Yeah. Prince was my major co-sign.
“IN ORDER TO MAKE SOMETHING MEANINGFUL, YOU HAVE TO COLLABORATE WITH A LOT OF PEOPLE, AND IT'S BIGGER THAN YOU.” - MELODY EHSANI
You’re one of the more recognizable women in streetwear. A lot of brands have come and gone. Where would you say that your endurance comes from?
It’s interesting. I interned at the NBA for a while, because I was trying to figure out my passion. I played basketball during high school, and I was really passionate about it. Something I learned at the NBA was that there’s a real difference between the players who feel that it’s their calling versus just what they do. For the players who ate, slept and breathed basketball, it wasn’t exactly effortless, but it was a gift, and they recognized it as such. Those players would volunteer for the after-game activities or charity-related stuff. They would always stay back and sign autographs. It’s about the game, not them.There’s a real difference between people who do what they feel called to do vs. people who work hard because they think that’s what they’re supposed to do. For me, design is just something. It’s my vehicle. It’s not who I am, it’s just my way of serving the world. It’s never really about the products, it’s about the movement and the message I’m trying to spread. The moment that vessel stops working, I’ll switch to something else.Melody is confident. A child of the late ‘80s and early ‘90s, she’s the fly girl entrepreneur. She designs for herself: her nails, jewelry and sneakers all reverberate from her personality. The ‘fit hits different when it’s custom made, and her smoldering demeanor accents it. On set, she poses with ease and doesn’t need direction in front of the camera.
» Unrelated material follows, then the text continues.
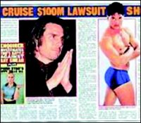 和A片男星查德·史萊特結婚12年、去年1月離婚的女子克里斯蒂娜,近日向美國《國家詢問報》沉痛控訴:“我丈夫和我的婚姻都輸給了湯姆·克魯斯!”而新出爐的美國《明星報》也專題報道“湯姆·克魯斯是不是GAY”,因為這個問題的答案至少價值1億美元。 兩周前,查德接受一家法國雜志采訪,自稱和湯姆·克魯斯有染,被克魯斯一狀告進法院,要求賠償1億美元。但后來查德又戲劇化改口,說從未見過克魯斯,還出示護照證明自己沒到過法國,如何接受那家法國雜志采訪?
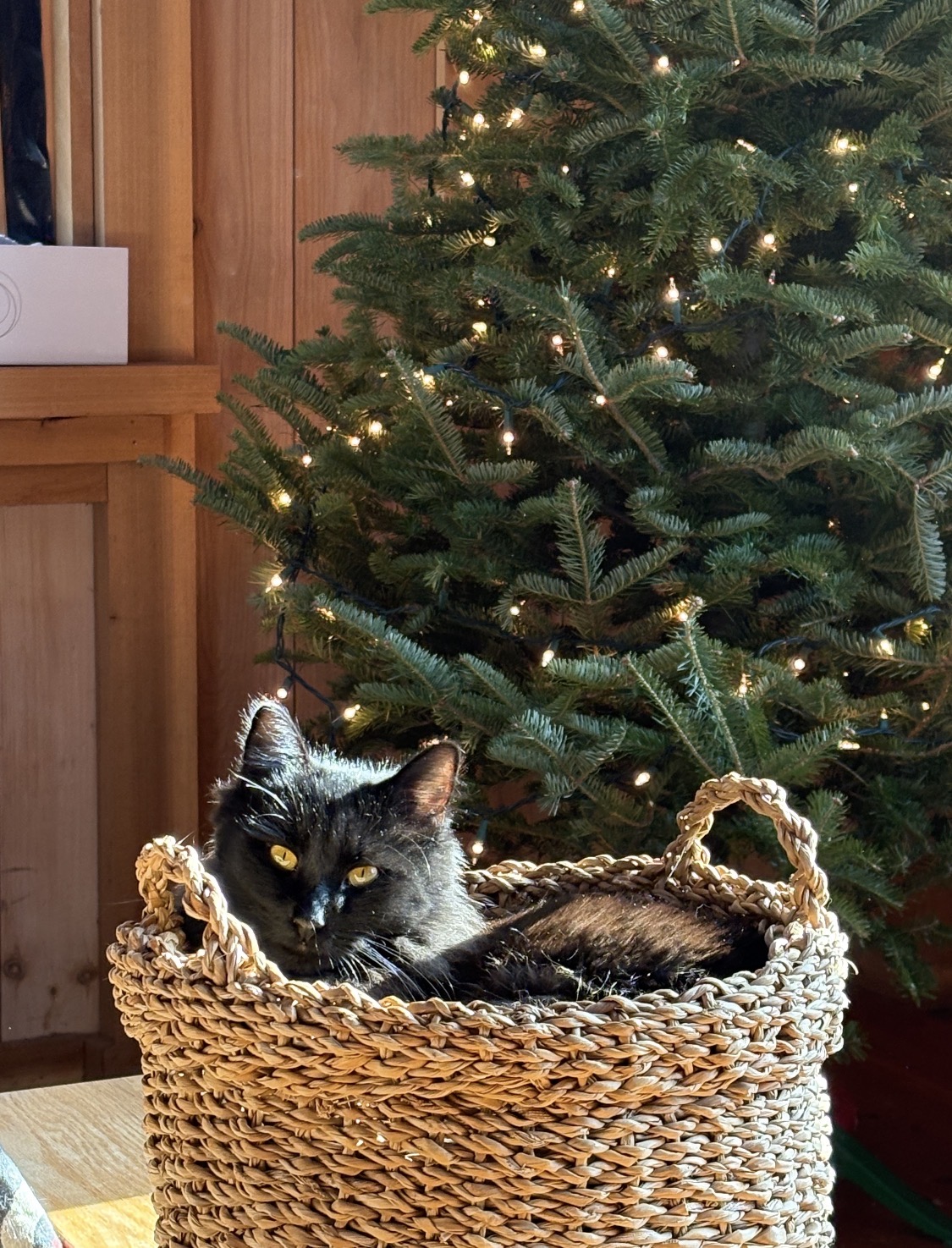 Juna is a 10 month old all black fluffy cat with an extraordinary tail.

Do you remember your first pairs of Air Jordan 1s?
I do. I didn’t have my first pair until I was 17, which is really late in the game, because I could never afford them. I remember turning on the radio on and hearing about what was happening every time an Air Jordan dropped. I always coveted them, especially thinking that I could never have them.I’ll never forget, I was 17, and my friend took me to Melrose, which was poppin’ back then, especially for vintage stuff. You went there to get your vintage denim, and you would cut it into shorts; it was a whole thing. I found a pair of patent leather Air Jordan Is, the original colorway, for kids. They were on the rack, and I bought them. They were barely used, and I still have them actually.
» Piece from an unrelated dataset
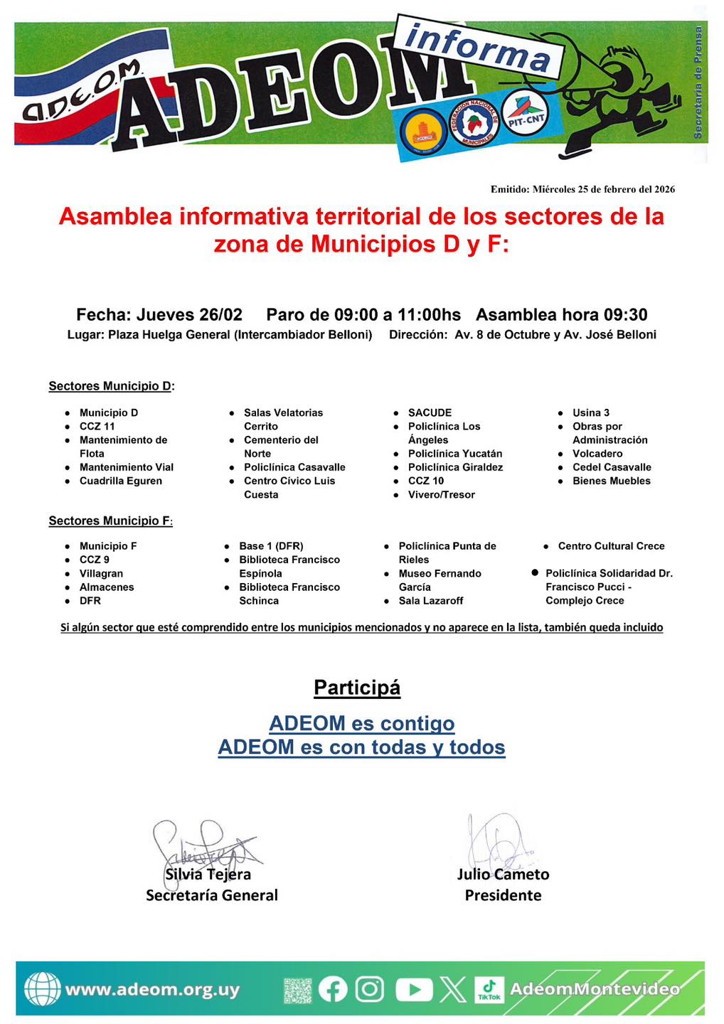 Asamblea informativa territorial de los sectores de la zona de Municipios D y F
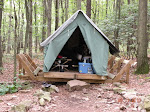 The camp is divided into two sides. The Cub Scout side (Camp DuPortail) where Day Camp is conducted is highlighted in yellow. The Boy Scout Side (Camp Meade) is on the right. Camp Meade accomodates overnight camping sites with tents. (A picture of a tent is on the left.)

Walk us through the inspiration and the direction of your Air Jordan I — the text on the midsole, the mismatching colors, watches, extra laces and more. What were you trying to make us feel with this design?
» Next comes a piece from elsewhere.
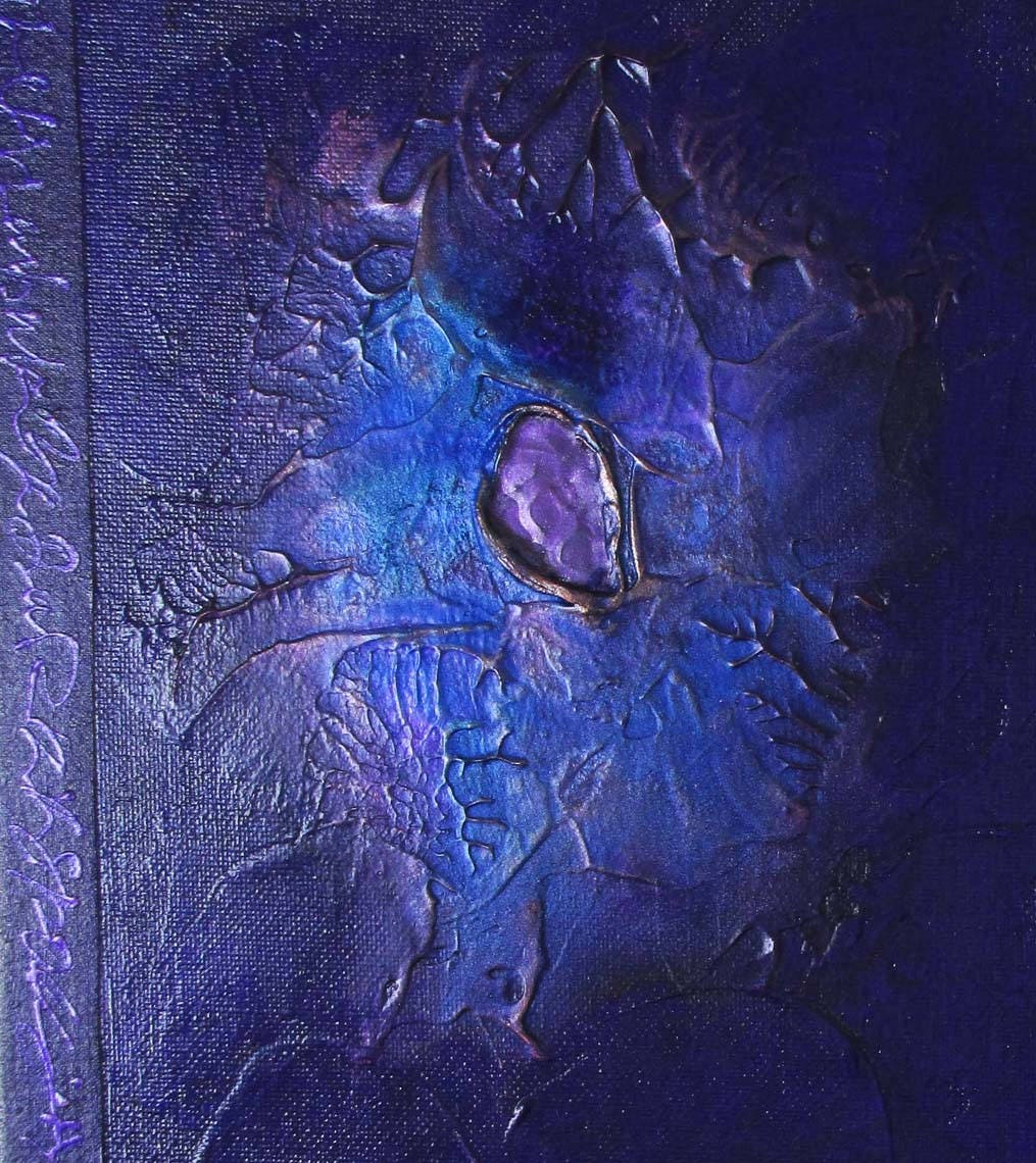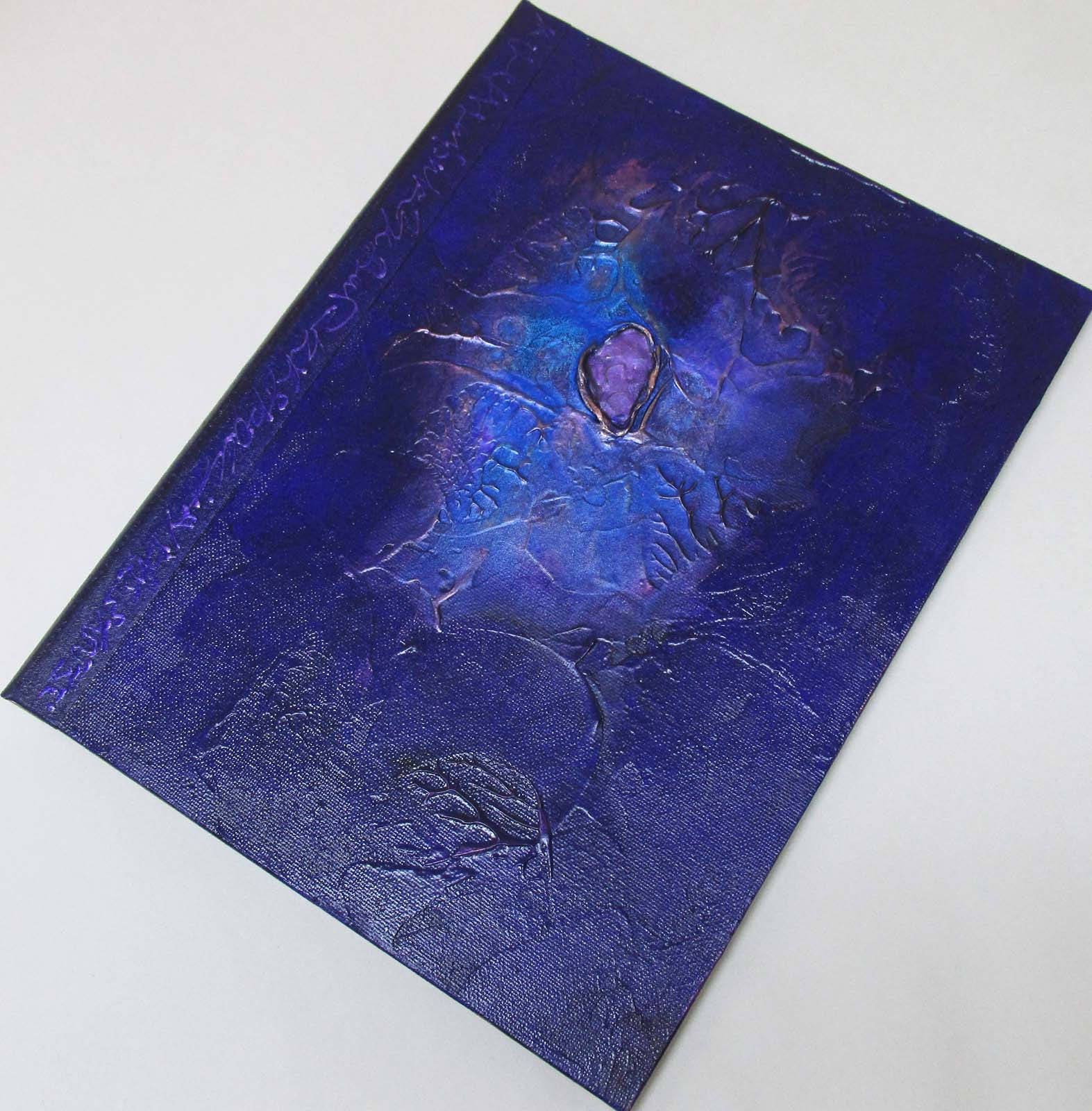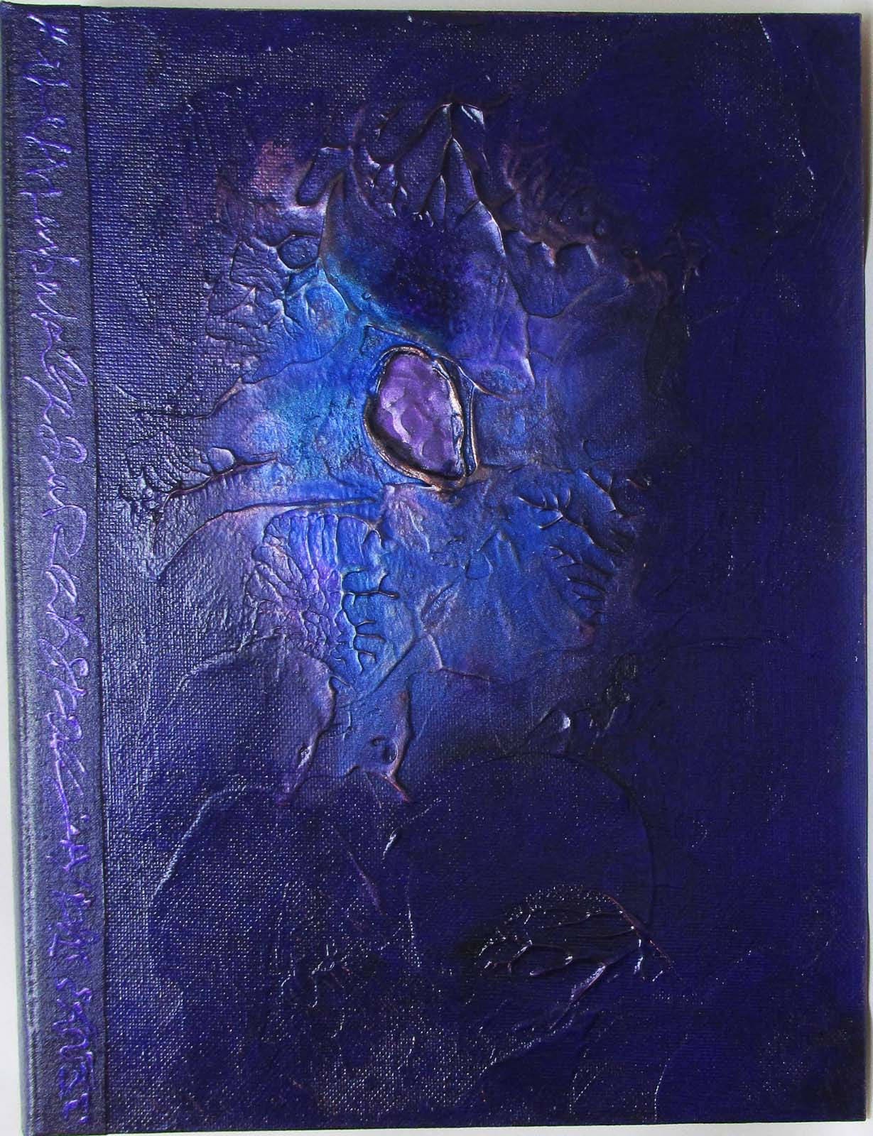 This journal has been painted with acrylic paints. The inside covers have been glazed with copper paint and distressed.

There’s a quote that I hand-wrote on the shoe from one of my best friends, Julie Burns-Walker. It says, “If you knew what you had was truly rare, you would never waste it.” That quote was really powerful to me when I heard it, because I think that we still don’t know what we truly are. We’re only aware of the surface of what we are — these physical beings — but I think there’s a lot more depth to who we are and what our bodies are able to do.I really wanted to plant this seed of limitlessness in people’s minds and the collective consciousness. We have to think bigger, because we are bigger. From a design perspective, the colorway is inspired by something I tried on my nails during a recent trip to Egypt. Those were my favorite nails that I’ve ever done, which says a lot, because I do my nails a lot. I chose the color combinations from my nails.
Talk about coordination. What about the watches?
The watches on the shoe are just a symbol of time. I always talk about how things are timeless, or that the time is now. I just love references to time, and I thought that this message could be open to interpretation.